-- What the exercise asks --
Repeat the span of the entries below that starts at the line with "Beautiful, mango wood" and ends at the line with "Каркас золотого цвета, внутренний", nothing more. Skip the pictures.

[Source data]

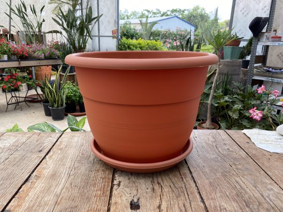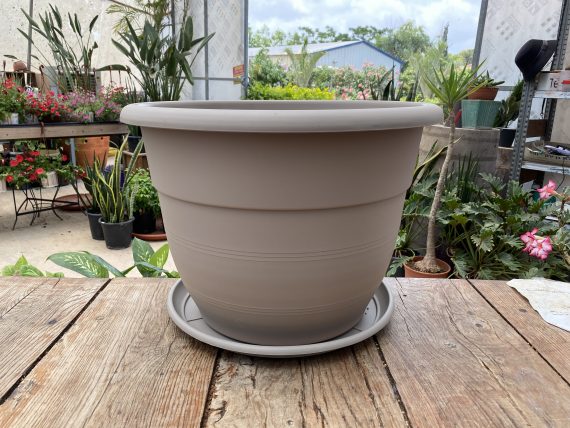 עציץ עגול גבוה קוטר 40 ס"מ וגובה 17 ס"מ.
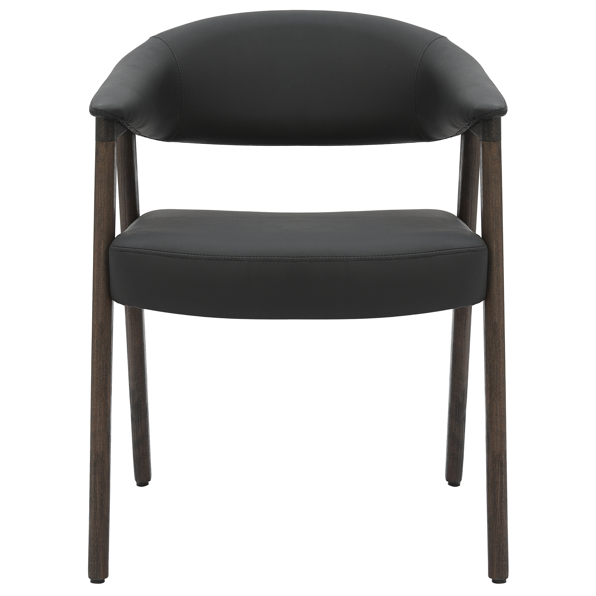Beautiful, mango wood dining table is built with sturdy construction, and brings a modern touch to the classic mid-century feel. The gorgeous finish has visible wood grains that will vary from piece to piece - a sign of the natural variances in the wood. The rich combination of black faux leather and brushed dark walnut frame is irresistible on this armchair. Sturdy, curved back and seat with foam, web and springs means this chair is built for those long, lazy dinners and hours of conversation around the table. Perfect for casual or formal dining spaces.
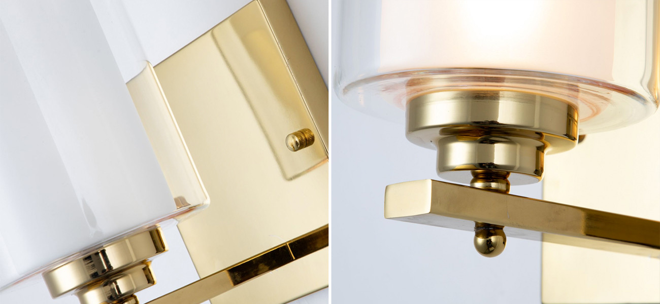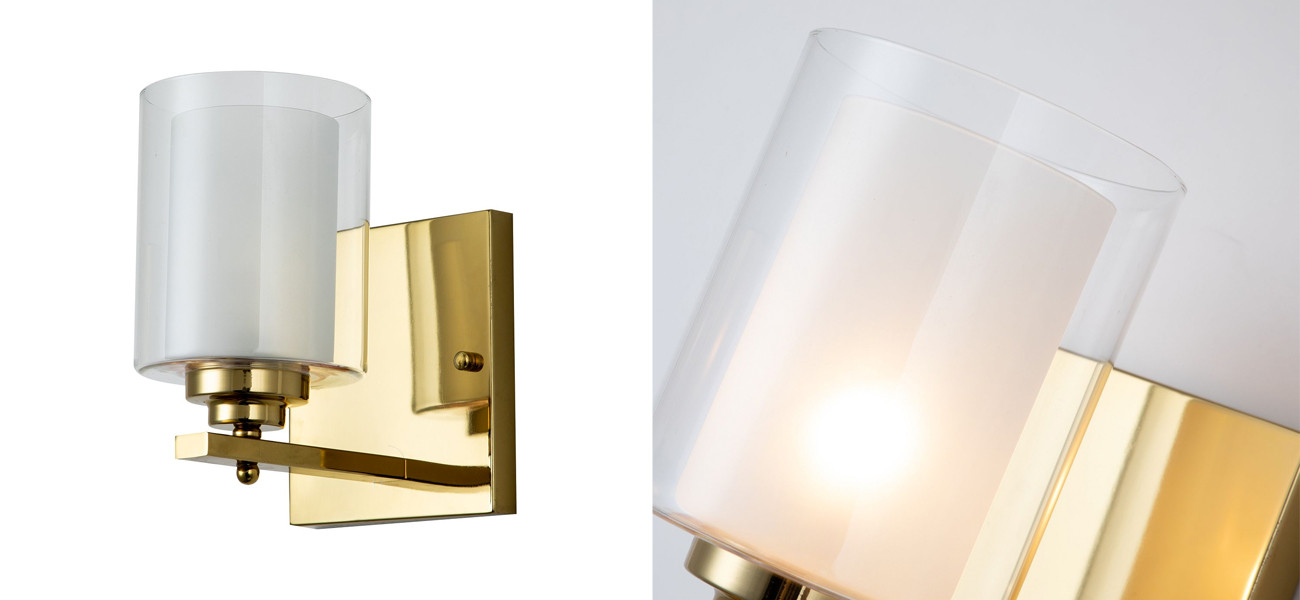 Каркас золотого цвета, внутренний плафон из белого стекла, внешний плафон из прозрачного стекла.
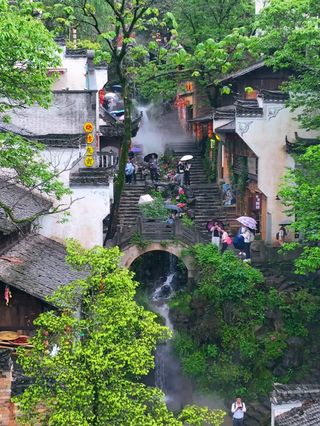 篁岭古村,属典型山居村落,周边千棵古树环绕,万亩梯田簇拥,造就了世外桃源般的山居田园生活。 这里自然环境优美,历史人文厚重,是古徽州历史文化名村。挂在山崖上的篁岭古村,地无三尺平,数百年来,村民早已习惯用平和的心态与崎岖的地形“交流”,绘就出了一处“晒秋人家”风情画。
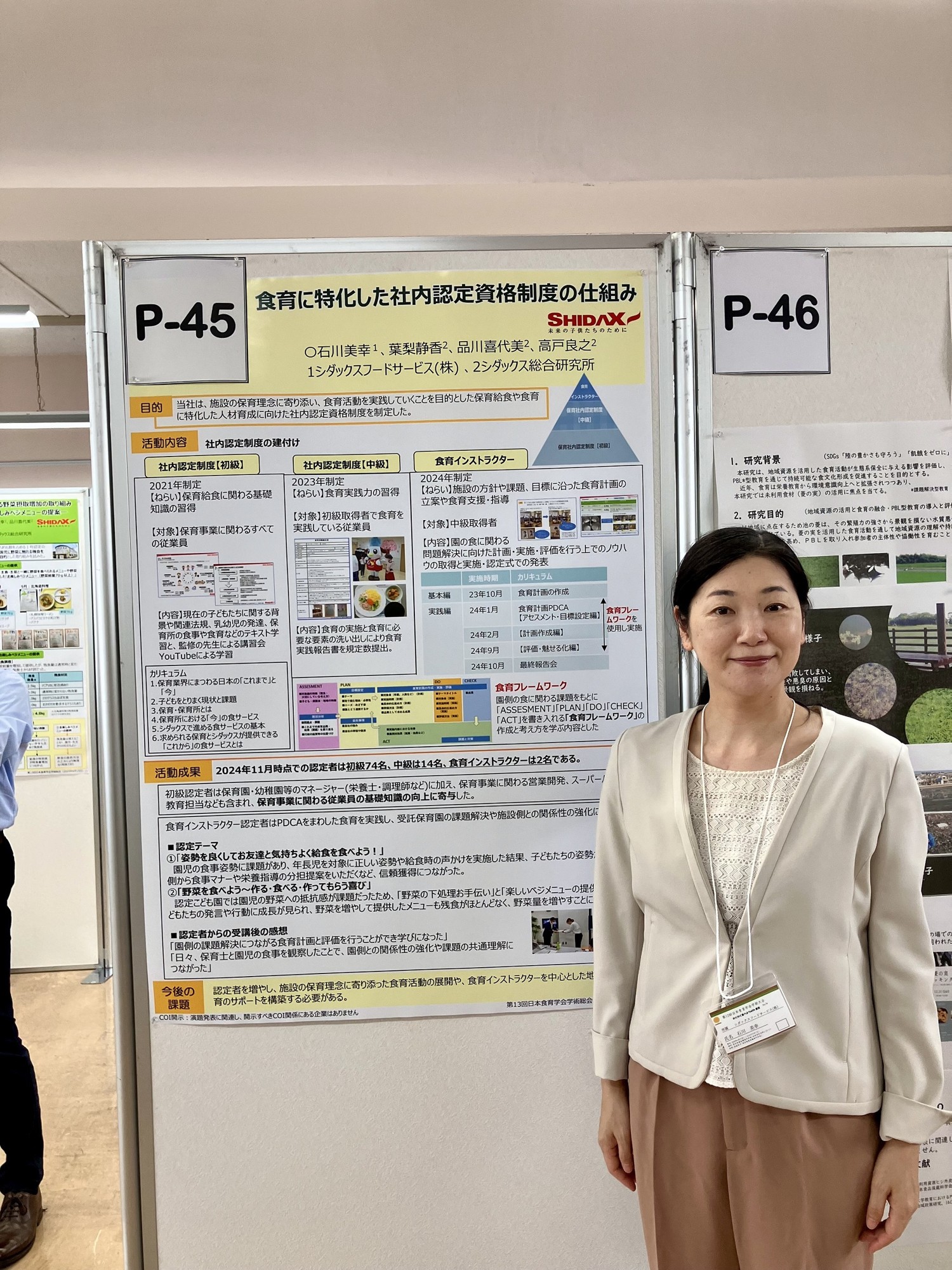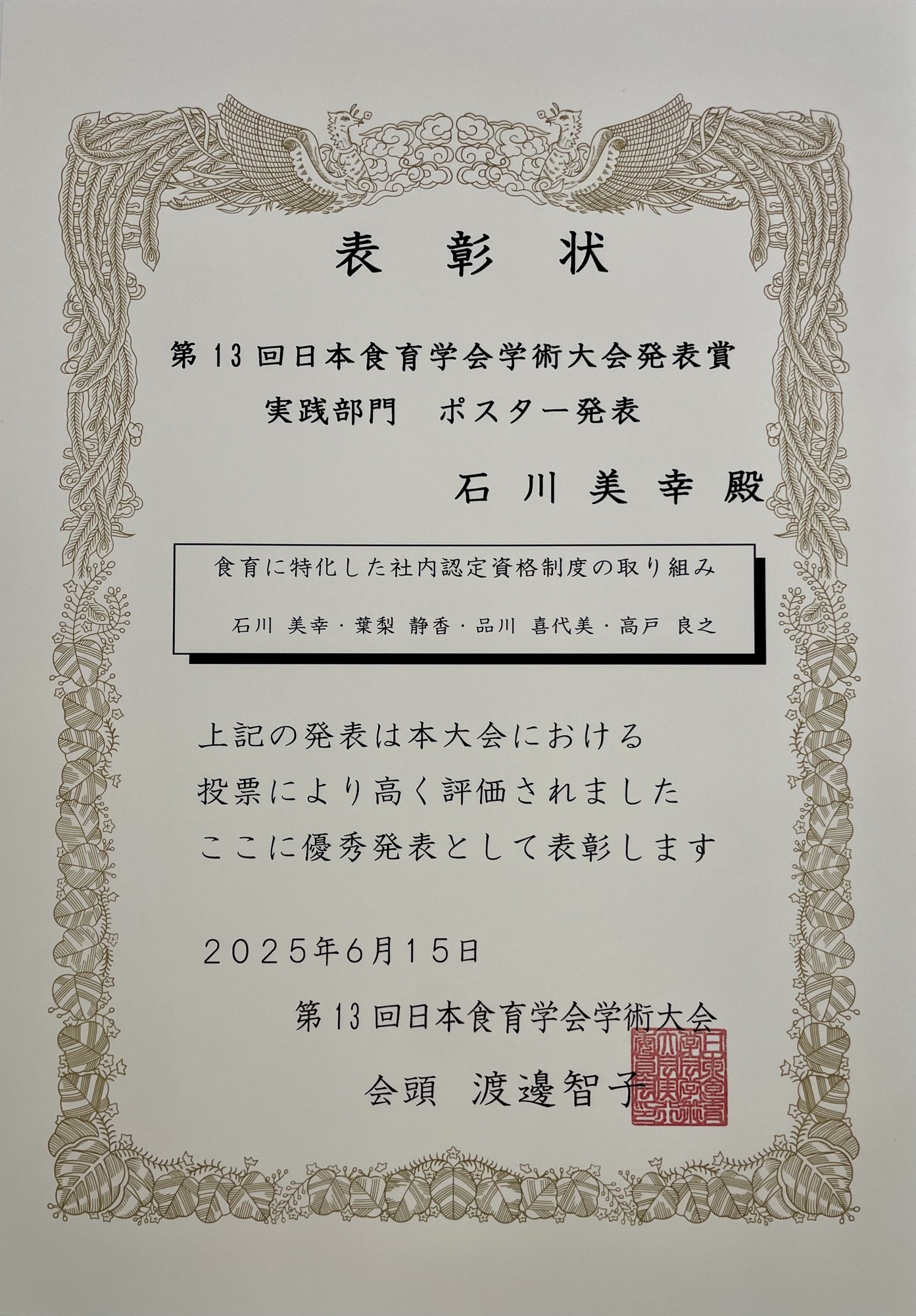 2025年6月に東京栄養食糧専門学校で開催された「第13回日本食育学会学術大会」では、当社管理栄養士によるポスター発表「食育に特化した社内認定資格制度の取り組み」が実践部門「優秀発表賞」を受賞しました。
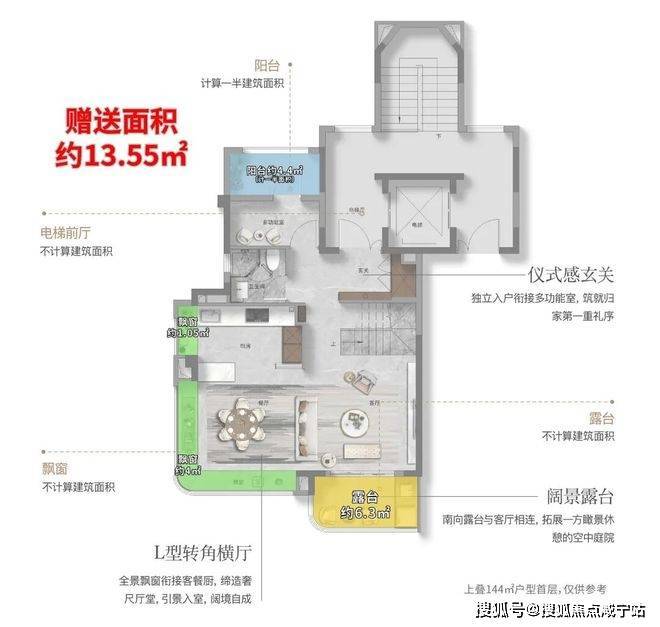 建面约144㎡的上叠产品,通过巧妙的挑空、总计约15㎡露台及灵动空间设计,让户型的实际可使用面积高达约180㎡,实得率约125%。
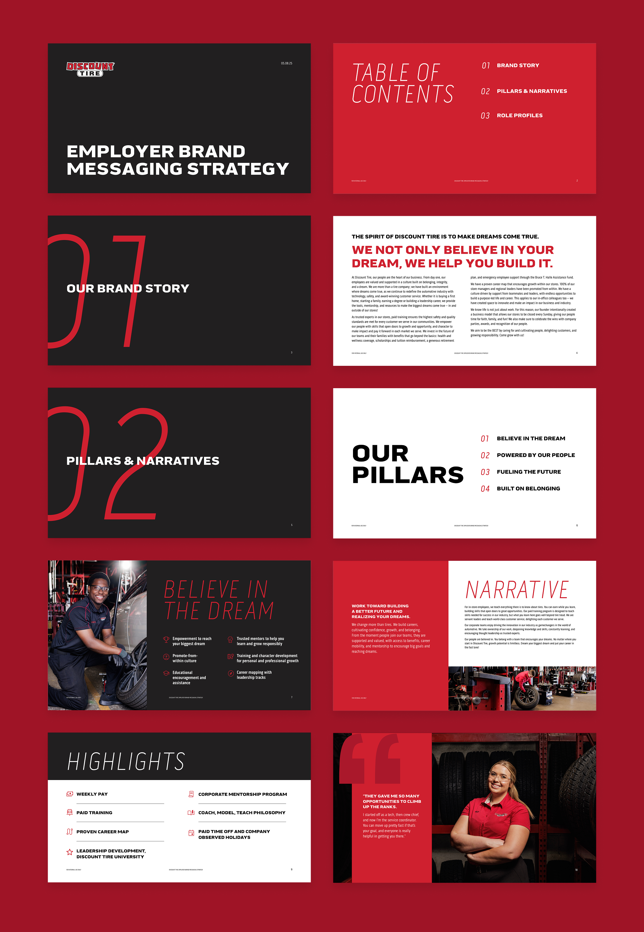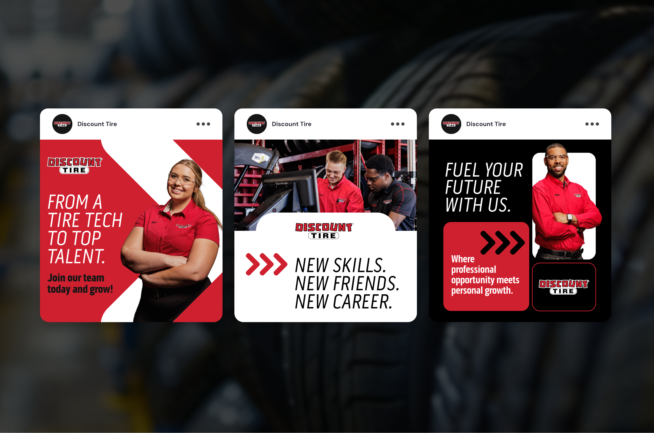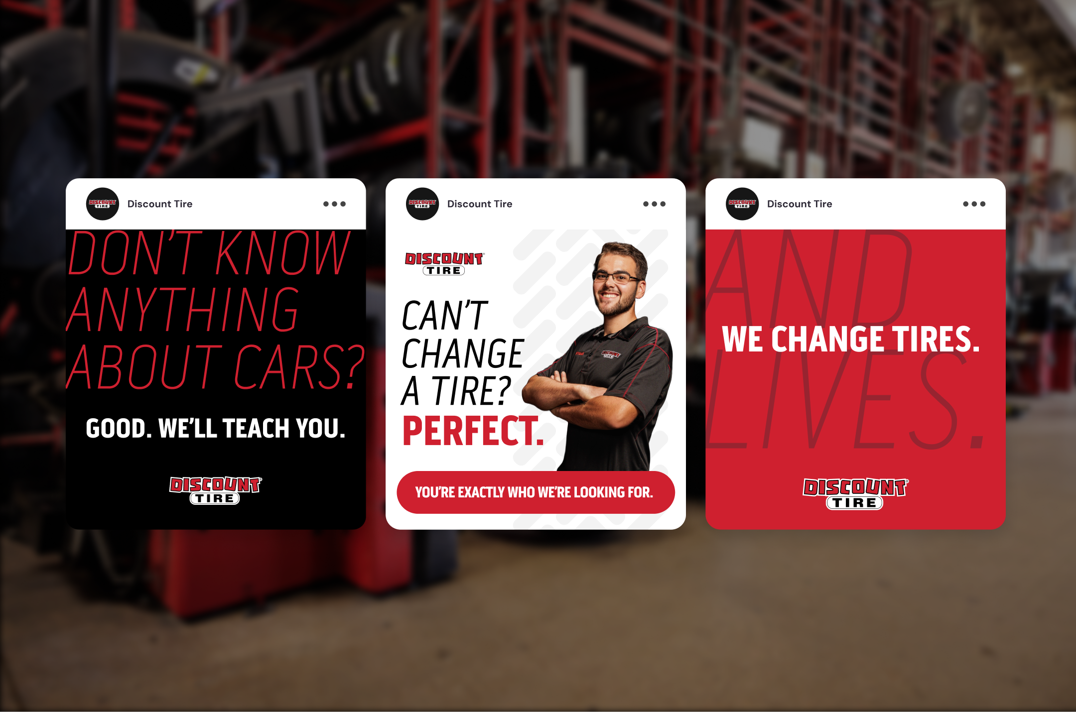 During the concepting phase, we translated discovery insights into distinct creative territories that reflected Discount Tire’s culture and hiring goals. By exploring multiple visual and messaging directions, we tested how the employer brand could show up in fresh, compelling ways by pushing beyond industry norms while staying grounded in authenticity. This process enabled us to strike a balance between strategic intention and creative exploration, ultimately delivering two flexible concepts that the team could utilize now and adapt for future campaigns.
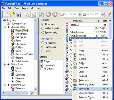 All log analyzers do almost the same. They take your log file, parse it and build reports by grouping or filtering the extracted data. Then you explore resulting tables or charts trying to figure out what is going on your web site, proxy server, firewall etc. Good log analyzers create "multilevel" and cross-linked reports. For example, when you see a page views report, you can click a certain page name and see visitors who accessed this page on any day, or a list of referrers that led visitors to this page. Normally, all these reports are pre-built and statically linked. But only the best log analyzers give you the full freedom of exploring the data. Web Log Explorer from Exacttrend is definitely one of the best. This program creates dynamic reports on-the-fly.
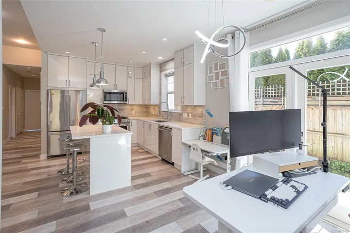 Explore the Rare Find Rancher nestled at the end of quiet cut-de-sac in Florence lake neighbourhood! This immaculately maintained home backs on to exceptional privacy yard fully fenced with greenery and tranquility. Large living room and kitchen with thoughtfully designed open concept space oversees the backyard oasis all day long. Provided 11′ ceilings and expansive windows, the entire one level home soaks in natural lights from dawn to dusk. The elegant kitchen features quartz counters, SS appliances, gas range and dining area right next to it. Upgraded flooring for the 3 bedrooms reflects exquisite and care. Heated tile floors in bathrooms warmth and comfy. Besides the surrounded nature, the home itself is also energy green with energy efficient heat pump for heating and cooling, On Demand hot water with natural gas, as well as EV charger with 220 V power in the double garage. Easy access to all amenities in life. Welcome to Randall and make this retreat yours!
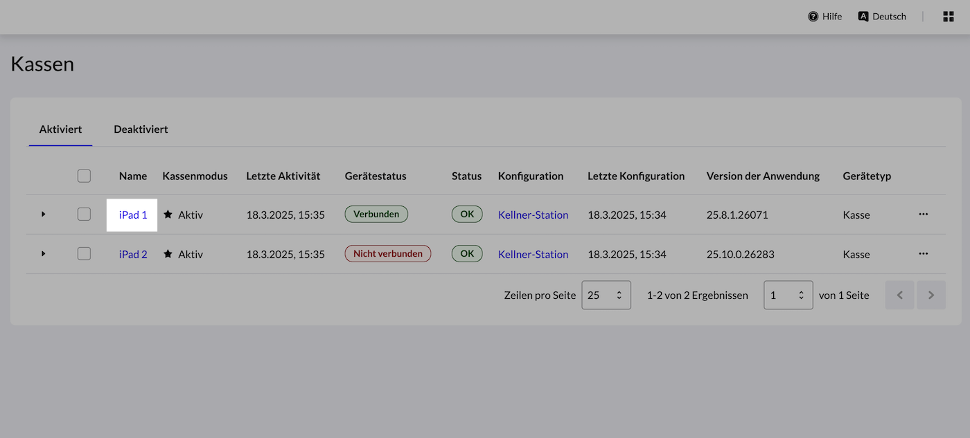 Kassenmodus: Wenn Aktiv ist die Kasse aktuell mit Ihrem Konto verbunden. Wenn Passiv wurde die Kasse für Ihr Konto deaktiviert und ist aktuell inaktiv. Um inaktive Kassen anzuzeigen, klicken Sie auf die Registerkarte Deaktiviert oberhalb der Tabelle auf der Seite.

-- Output --
Beautiful, mango wood dining table is built with sturdy construction, and brings a modern touch to the classic mid-century feel. The gorgeous finish has visible wood grains that will vary from piece to piece - a sign of the natural variances in the wood. The rich combination of black faux leather and brushed dark walnut frame is irresistible on this armchair. Sturdy, curved back and seat with foam, web and springs means this chair is built for those long, lazy dinners and hours of conversation around the table. Perfect for casual or formal dining spaces.
 Каркас золотого цвета, внутренний плафон из белого стекла, внешний плафон из прозрачного стекла.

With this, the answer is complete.